WORK REQUIRED
Transcribe the records below from the first line to the line that includes "강은영 심리상담전문가 상담 후기입니다.", inclusive, and omit the pictures.
=-=-=
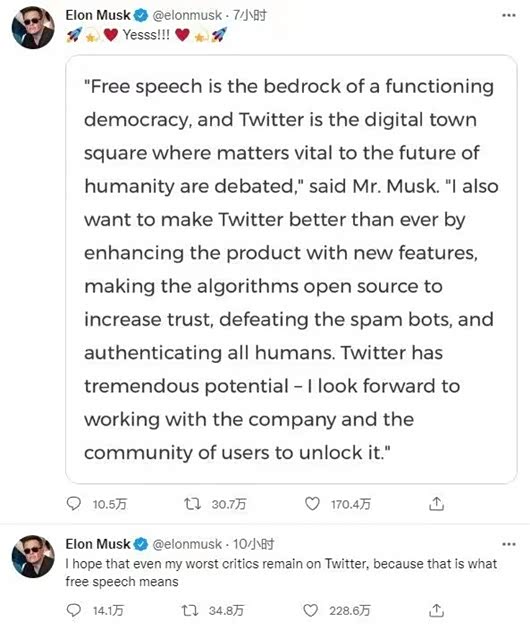 第二件,是向全世界宣告了“新推特时代”的无限畅想,以及昨日刷爆网络的“言论自由是民主运作的基石”。
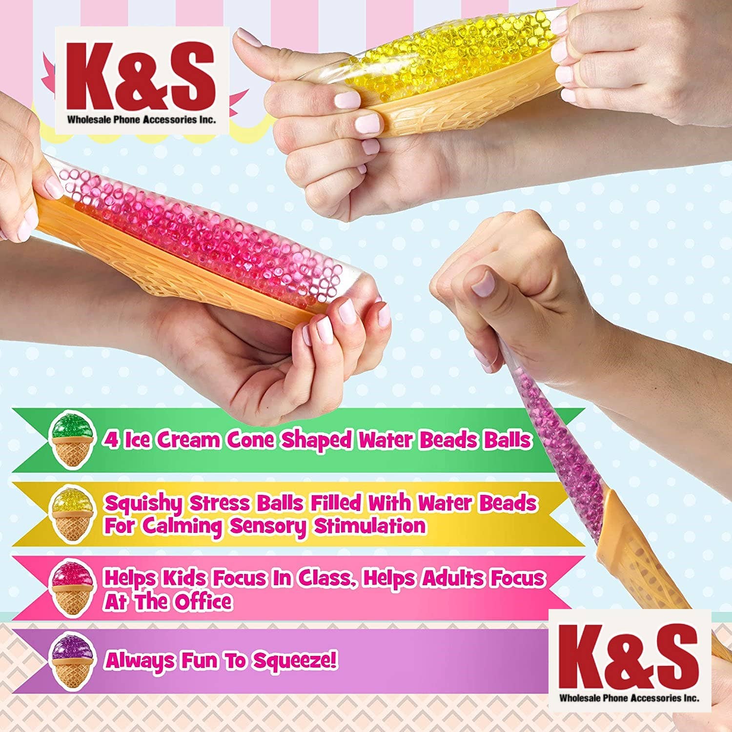 BANISH YOUR STRESS: Take a deep breath and let our Ice Cream Cone Squishies lead you to a state of calm. SOOTHING AND SATISFYING: Whether at home, school, or work, these squishy cones are the ultimate anxiety-fighting tool. Made with hundreds of water beads, they have a soft and sticky texture that's oh-so-addictive to squeeze. PERFECT FOR SENSORY THERAPY: These squeeze toys are not only fun, but they also make great sensory tools for children with autism. They can also provide calming relief for adults with anxiety or serve as fidget toys for anyone needing a moment of relaxation. DURABLE DESIGN: Our goal is to create products that bring joy for a long time to come. That's why our Ice Cream Cone Squishies are made with high-quality materials that
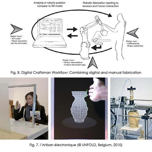 In addition, complex fabrication processes that use non-static materials, e.g., clay or polymer, require more precise and sensor feedback to enable tracking, fine-tuning and synchronization between material, machine and design. Sensors thus enable real-time feedback loops that have the potential to radically change the design process.
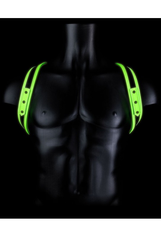 BDSM Pleasure est ravi de présenter le harnais phosphorescent Sling Glow, une pièce unique qui illumine vos soirées les plus audacieuses. Conçu avec des contours qui brillent dans l'obscurité, ce harnais attire tous les regards et ajoute une touche de mystère à votre allure.
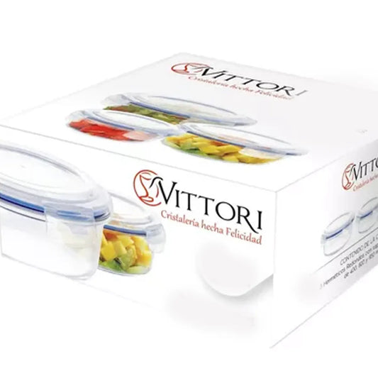 Hermético Redondo de Vidrio con Tapa | 400 ML | Vittori 3004
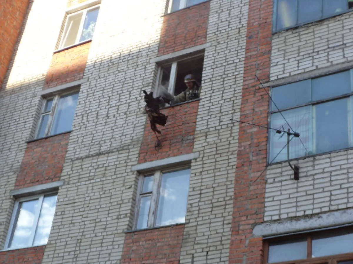 Пострадала хозяйка квартиры, которая надышалась дымом. Её из задымленного помещения вывели сотрудники звена газодымозащитной службы, надев на беспомощного человека дыхательный аппарат.
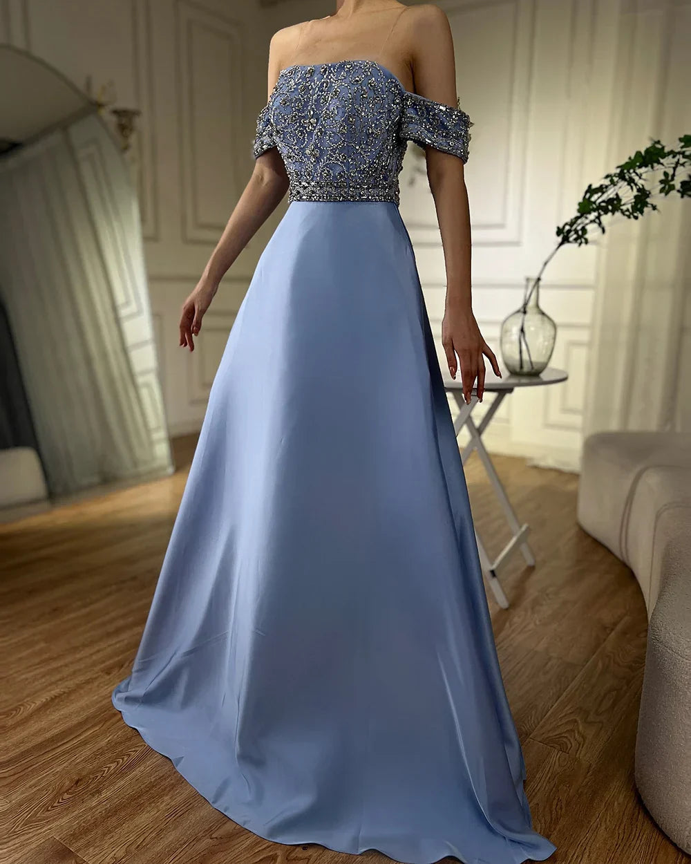 Robe de soirée longue bleue élégante, style saoudien, épaules dénudées, coupe trapèze, ornée de perles, pour une occasion formelle, LA72753, 2025
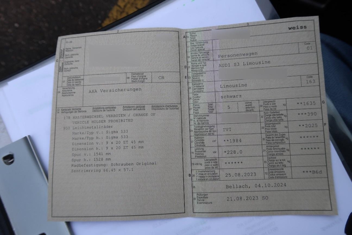 | Fahrzeugausweis | Vorhanden |
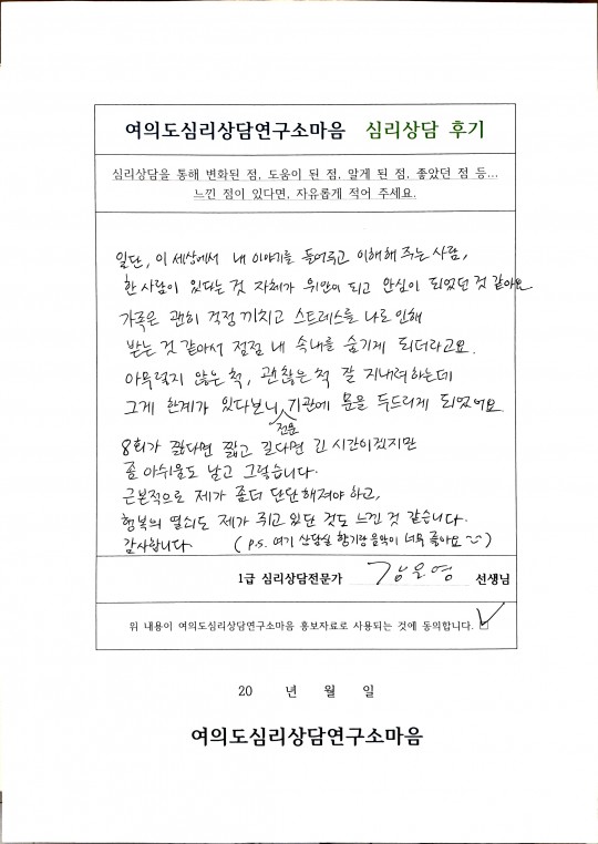 강은영 심리상담전문가 상담 후기입니다.
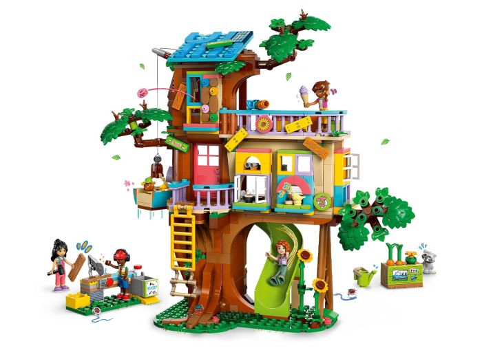 - A set filled with friendship stories – This tree house playset inspires kids to role-play different stories, with spaces for the characters to play, cook and sleep in, plus a veggie patch
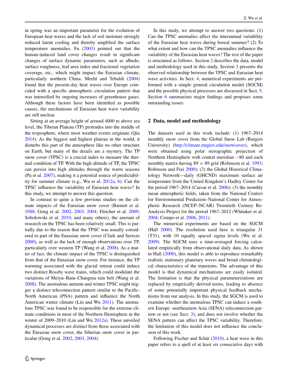 青藏高原(TP)4的海面平均高度在4000米左右,水平突入大部分天气事件起源——对流层中(邱 2014年)。作为世界上最大,海拔最高的高原,它对大气的扰乱与地球上其他结构大气不同,很多细节都是一个谜。TP的积雪(TPSC)是衡量TP的热状况的一个关键指标。在TP的高空中,TPSC能坚持到通过温暖的季节高海拔地区(2007年普等),使之成为夏季气候可预测的潜在来源(例如,Wu等人2012A,B)。在TPSC可以影响欧亚热浪的变化吗?在这项研究中,我们试图回答这个问题。
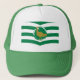 Hat with design with a flag of historic county of Wiltshire, in England, Great Britain; white and green flag with angled stripes and great bustard in the centre
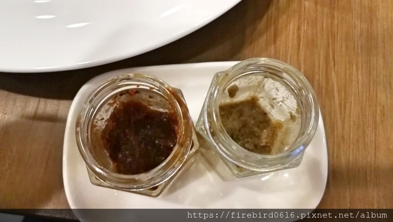 這是等等用餐時會出現的,咖哩青辣醬和咖哩紅辣醬,也是委託台灣工廠生產。
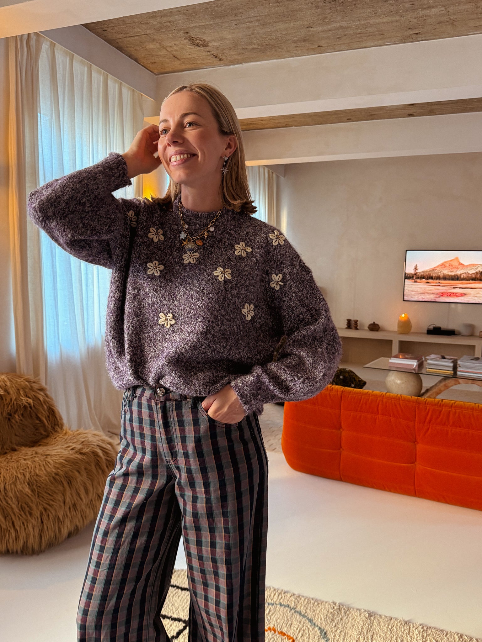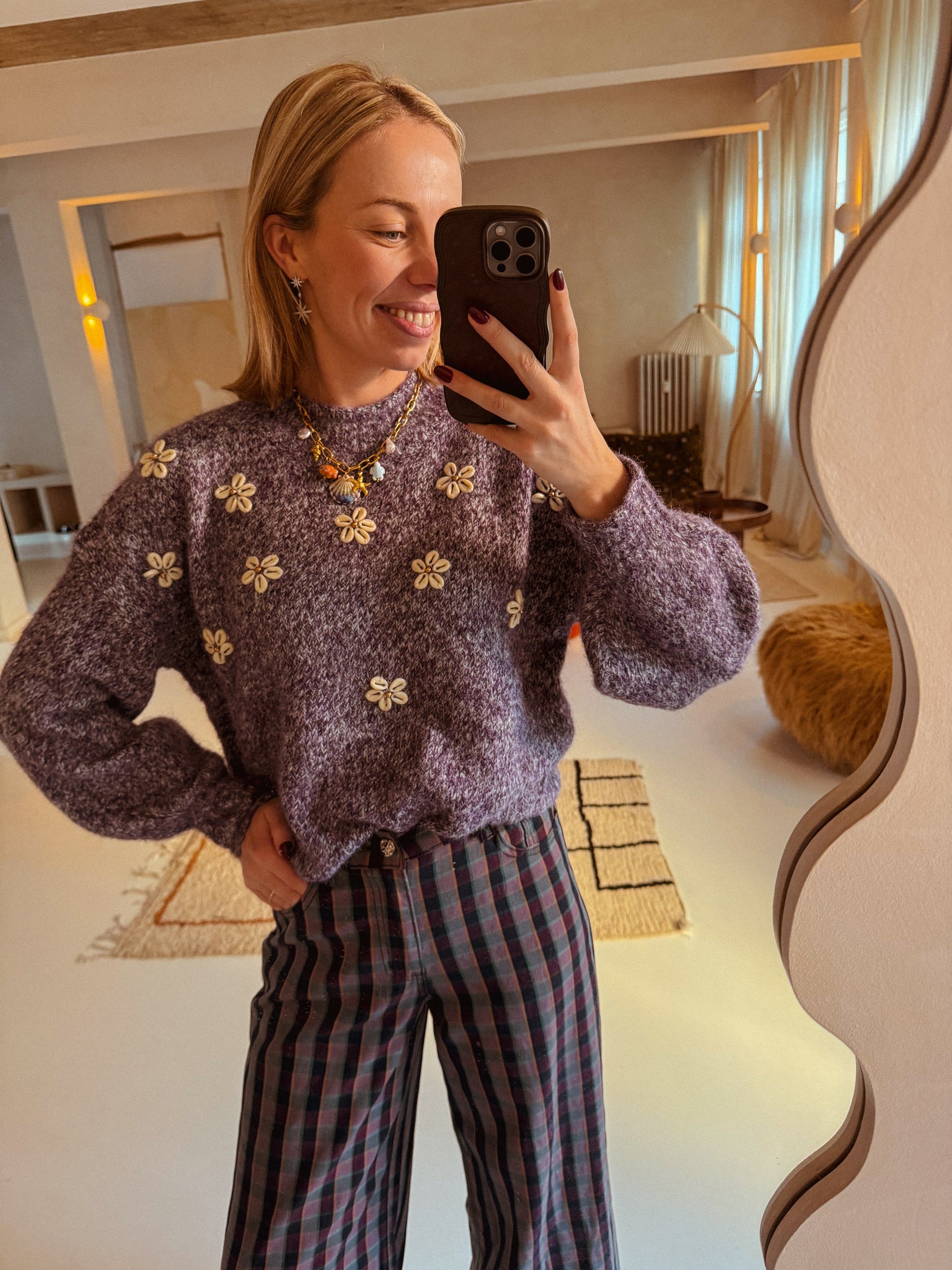 Deze paarse trui voelt als een warme omhelzing! De zachte stof maakt ’m perfect voor relaxte dagen, terwijl de delicate bloemetjes in beige schelpjes een speels en elegant detail toevoegen. Een comfy trui die je outfit meteen een vrolijke twist geeft.
=-=-=
WRITTEN ANSWER
 第二件,是向全世界宣告了“新推特时代”的无限畅想,以及昨日刷爆网络的“言论自由是民主运作的基石”。
 BANISH YOUR STRESS: Take a deep breath and let our Ice Cream Cone Squishies lead you to a state of calm. SOOTHING AND SATISFYING: Whether at home, school, or work, these squishy cones are the ultimate anxiety-fighting tool. Made with hundreds of water beads, they have a soft and sticky texture that's oh-so-addictive to squeeze. PERFECT FOR SENSORY THERAPY: These squeeze toys are not only fun, but they also make great sensory tools for children with autism. They can also provide calming relief for adults with anxiety or serve as fidget toys for anyone needing a moment of relaxation. DURABLE DESIGN: Our goal is to create products that bring joy for a long time to come. That's why our Ice Cream Cone Squishies are made with high-quality materials that
 In addition, complex fabrication processes that use non-static materials, e.g., clay or polymer, require more precise and sensor feedback to enable tracking, fine-tuning and synchronization between material, machine and design. Sensors thus enable real-time feedback loops that have the potential to radically change the design process.
 BDSM Pleasure est ravi de présenter le harnais phosphorescent Sling Glow, une pièce unique qui illumine vos soirées les plus audacieuses. Conçu avec des contours qui brillent dans l'obscurité, ce harnais attire tous les regards et ajoute une touche de mystère à votre allure.
 Hermético Redondo de Vidrio con Tapa | 400 ML | Vittori 3004
 Пострадала хозяйка квартиры, которая надышалась дымом. Её из задымленного помещения вывели сотрудники звена газодымозащитной службы, надев на беспомощного человека дыхательный аппарат.
 Robe de soirée longue bleue élégante, style saoudien, épaules dénudées, coupe trapèze, ornée de perles, pour une occasion formelle, LA72753, 2025
 | Fahrzeugausweis | Vorhanden |
 강은영 심리상담전문가 상담 후기입니다.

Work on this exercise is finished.